If $B$ is a one-dimensional Brownian motion with respect to a filtration $(\mathcal{F}_t)_{t \geq 0},$ then show that $$\tau = \inf\left\{t: \int^t_0 B_s ds=1 \right\}$$ is a stopping time.
So far, I managed to show that the integral $\int^t_0 B_s ds$ is a Gaussian random variable with mean $0$ and variance $\frac{t^3}{3}$ but I'm not sure if this helps at all. I know that by the definition of a stopping time, I need to show that $$\{\tau \leq t\} \in \mathcal{F}_t.$$ Maybe there's some trick one can use to rewrite this integral but I can't see it. Any help would be appreciated. Thanks!
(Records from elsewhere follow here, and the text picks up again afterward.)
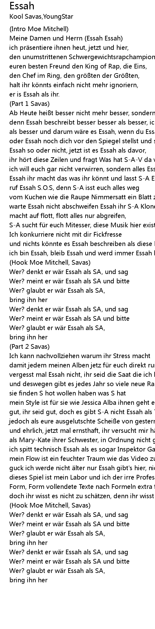 | denn Essah beschreibt besser besser als besser, ich mein Essah, | |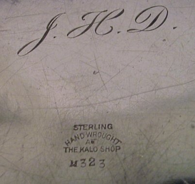 KALO SHOPS HAND WROUGHT STERLING BOWL: Die stamped ''Hand Wrought at the Kalo Shop'', M323. Several small dents. 1 1/4'' x 9 3/4'' dia. Approx. 14.56 oz.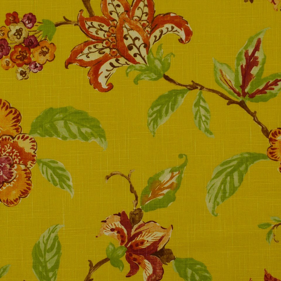Les Fauves in Sunshine features a vibrant yellow background with bold red and orange floral motifs accented by fresh green foliage, creating a cheerful botanical design. This linen and rayon blend is perfect for upholstery, decorative pillows, and window treatments that need to make a statement. The multipurpose fabric combines the durability of linen with rayon's elegant drape, ideal for both residential and light commercial applications.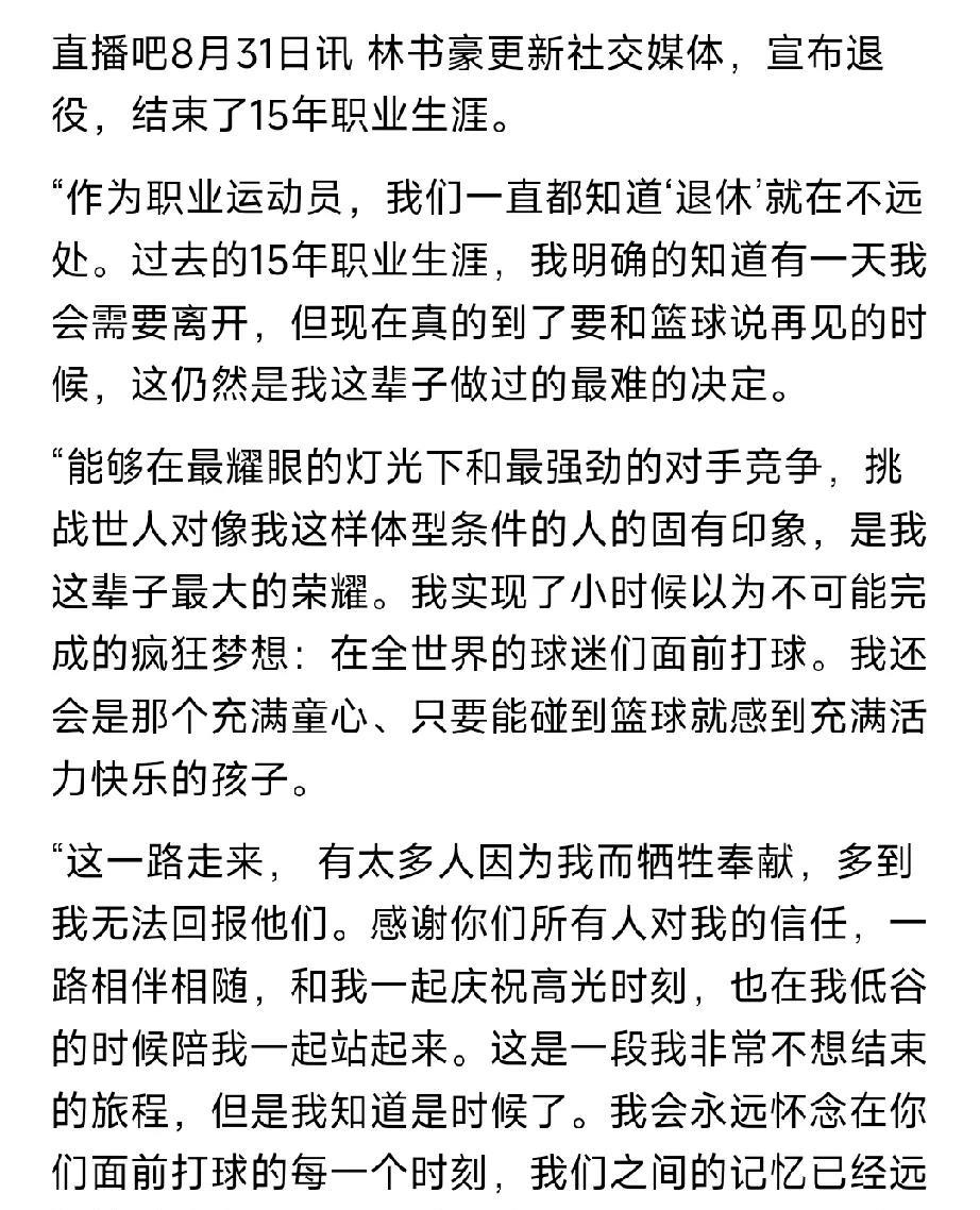 林疯狂发长文宣布退役,结束15年职业生涯! 就在刚刚,曾经轰动整个NBA的亚洲小子林书豪,后凭借自己一连串的惊艳表现赢得尊重,被称为“林疯狂”!成功在NBA立足,回想起林疯狂那段时间,真的不得不让人感叹,机会是留给有准备的人,但机会没来的同时要时刻做好准备! 时光荏苒,岁月如梭,林书豪已经37岁了,真的让人感叹! 林书豪发长文告别15年的职业生涯,开启人生新篇章,他自己回忆了过往,描述退役的心情,很真诚。 林书豪退役长文如下图。

We can show the more general statement that given an adapted continuous process $X_t$ with $X_0 = 0$, the random variable $\tau := \inf\{t : X_t = 1\}$ is a stopping time. Fix $s > 0$; we will show $\{ \tau > s \} \in \mathcal F_s$.
Note that \begin{align*}\{ \tau > s \} &= \left\{ \text{for all } 0 \le t \le s \text{ there exsists } n \in \mathbb{N} \text{ such that } X_t < 1 - \frac 1n \right\} \\ &= \bigcap_{t \in[0,s]} \bigcup_{n \in \mathbb{N}} \left\{X_t < 1 - \frac 1n \right\},\end{align*} but since $X$ is continuous it is sufficient to only check $X_t < 1-\frac 1n$ for $t \in \mathbb{Q}$ so $$\{ \tau > s \} = \bigcap_{t \in[0,s]\cap \mathbb{Q}} \bigcup_{n \in \mathbb{N}} \left\{X_t < 1 - \frac 1n \right\}.$$ Since $X$ is adapted, $\left\{X_t < 1 - \frac 1n \right\} \in \mathcal F_{t} \subseteq \mathcal F_s$, so $\{ \tau > s \}$ is a countable union and intersection of events in $\mathcal F_s$ and hence $\{ \tau > s \} \in \mathcal F_s$. Since $\mathcal F_s$ is closed under taking complements, this implies $\{ \tau \le s \} \in \mathcal F_s$ and therefore we conclude $\tau$ is a stopping time.